RSSB’s Futures Lab: what generative AI could mean for rail
AI technologies aren’t new, but the recent pace of development—coupled with the increasing level of public awareness—has been significant. GenAI, in particular, has risen to prominence this year. It uses software called generative pre-trained transformers (GPTs) to apply machine learning and deep learning techniques to large language models containing large volumes of both public and proprietary data. Using direct user prompts, GPTs synthesise the data to generate text, imagery, music, and other outputs.
Extensive press and media coverage has shone a light on its advantages and limitations, and its adoption is growing.
The recent investigation into GenAI by RSSB’s Futures Lab has culminated in the release of its first Rapid Technology Briefing. This report, which you can download here, compiles what we know so far to set out a helpful ‘present-state’ description of these technologies. It also highlights key areas for organisations to consider and outlines how the technology may continue to develop.
Caution necessary during GenAI’s continued development
It’s clear, then, that the powerful abilities of GenAI hold promise in lots of organisational areas. With use cases as diverse as content creation, ideation, and threat detection, this technology no doubt has the potential to introduce significant change to the industry. For example, it could:
- streamline the generation of new materials
- reliably assist customers or passengers with their enquiries
- identify breaches in an organisation’s security system.
But there’s another side to GenAI—one that could, if not considered carefully, both exacerbate known risks and introduce new risks to existing systems and processes. Specifically, according to the Rapid Technology Briefing, ‘privacy, data ownership and usage, model outputs, and third-party service dependencies are generating the most prominent concerns’. For example, one key concern around the adoption of GenAI is the challenges associated with inadequate control and storage of organisational data. Without sufficient data security measures, there may be an inadvertent transfer of proprietary organisational or commercial information to third parties or an increased risk of cybersecurity hacking.

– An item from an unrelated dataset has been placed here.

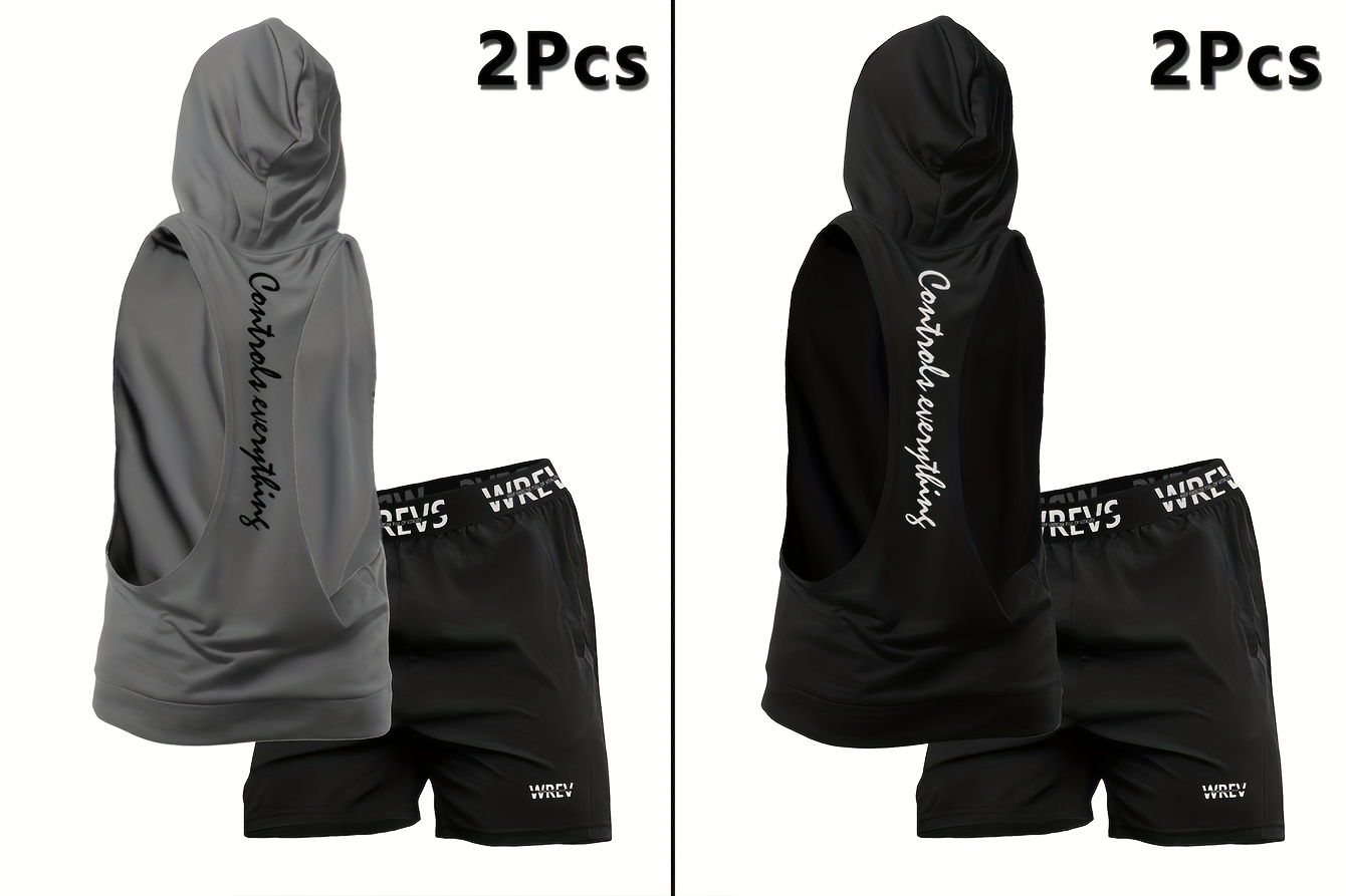 Men'S 2pcs Fitness Top And Shorts Set with a Hooded Top And Shorts, Designed for Quick-Drying And Breathability, Suitable for Training in Spring, Autumn, And Summer.
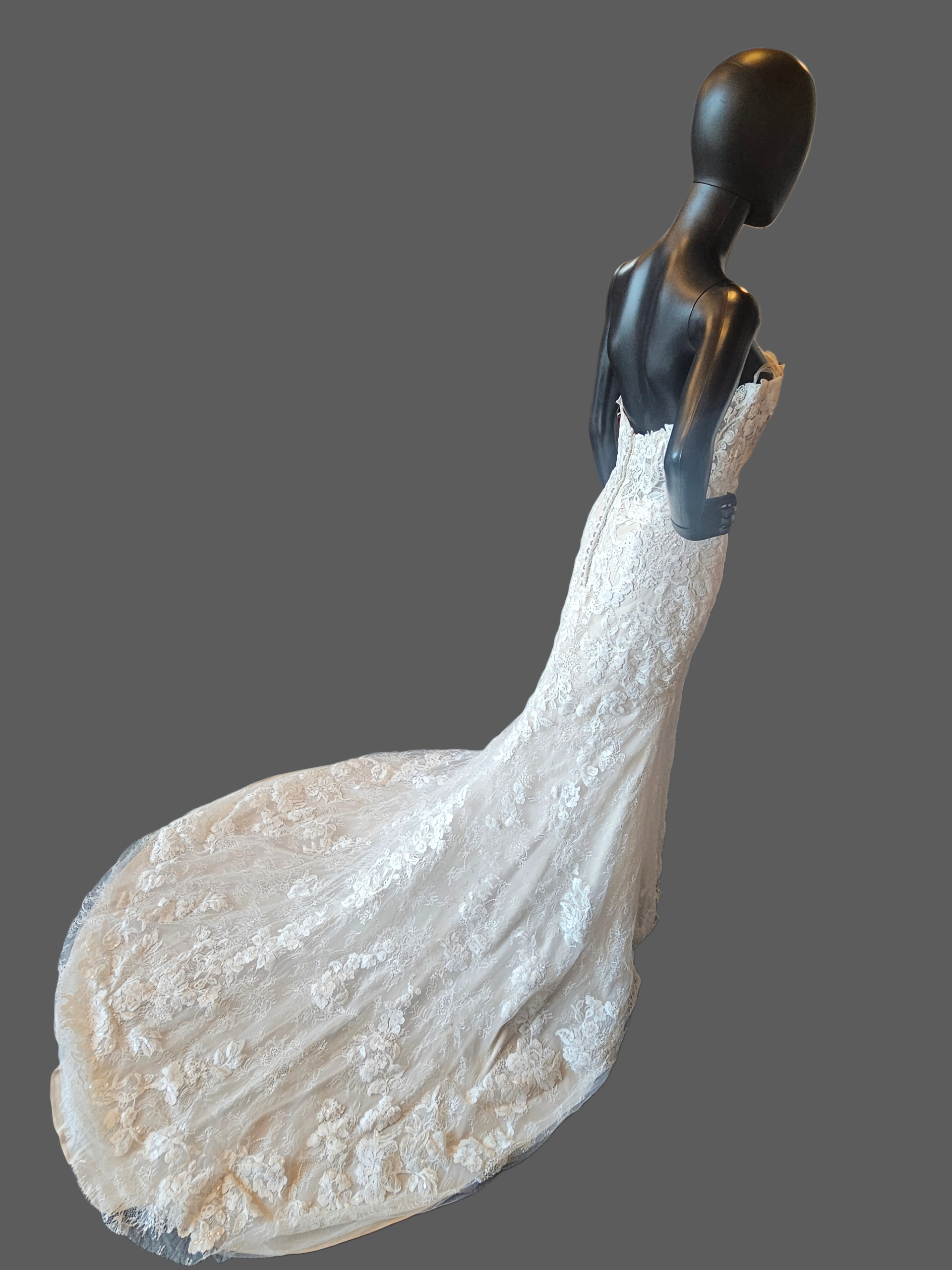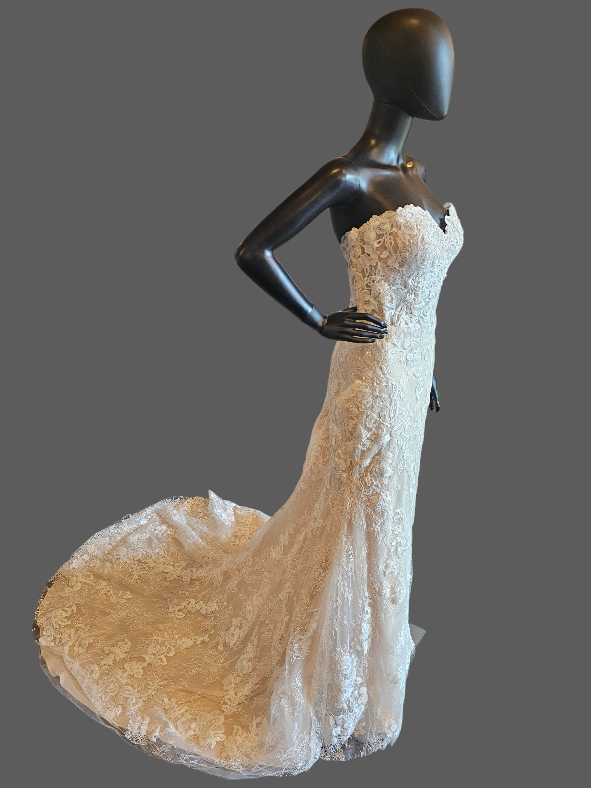 Ivory/Honey Beaded Fitted Lace Sweetheart Strapless Wedding Dress - Mori Lee

All that said, several other sectors are already actively exploring how to utilise GenAI for meaningful purposes.
GenAI in other industries
NASA has already started to use this technology to design parts for its spacecraft. To do this, a worker enters a prompt that informs the system of the geometric data and physical specifications required for the design. The GenAI tool then processes these inputs, compresses everything, creates the design, and, if needed, performs corrective actions. The result is viable, expertly crafted parts.
Aviation has also developed a number of use cases to make the most of GenAI, including:
- examining aeroplane sensor data and maintenance records, which could help predict possible issues and optimise repair schedules
- creating personalised training scenarios for pilots-to-be and offer bespoke feedback on their performance
- enhancing flight routes and improving fuel efficiency by examining prior data and weather patterns
- creating custom travel recommendations for passengers based on trips they’ve taken in the past.
And what’s particularly exciting is that many of these use cases are relevant and translatable to the rail industry. Not only could they support rail’s sustainability goals, but—based on the use cases above—they could also improve driver training, passenger experience, and rolling stock development.
Moving rail forward
Leveraging this technology could revolutionise parts of the rail industry. Key to this will be several activities that rail organisations should consider:
- maintaining a strong level of situational awareness to track how these technologies further develop
- starting a process to identify where they can be put to most beneficial use
- considering how to mitigate the dynamics risks and concerns that currently accompany GenAI.
Based on the findings outlined in the Rapid Technology Briefing, it’s clear that more work is needed to fully understand the evolving and longer-term potential of GenAI technologies. To support this, RSSB’s Futures Lab plans to develop a second and updated edition of the GenAI Rapid Technology Briefing in spring 2024.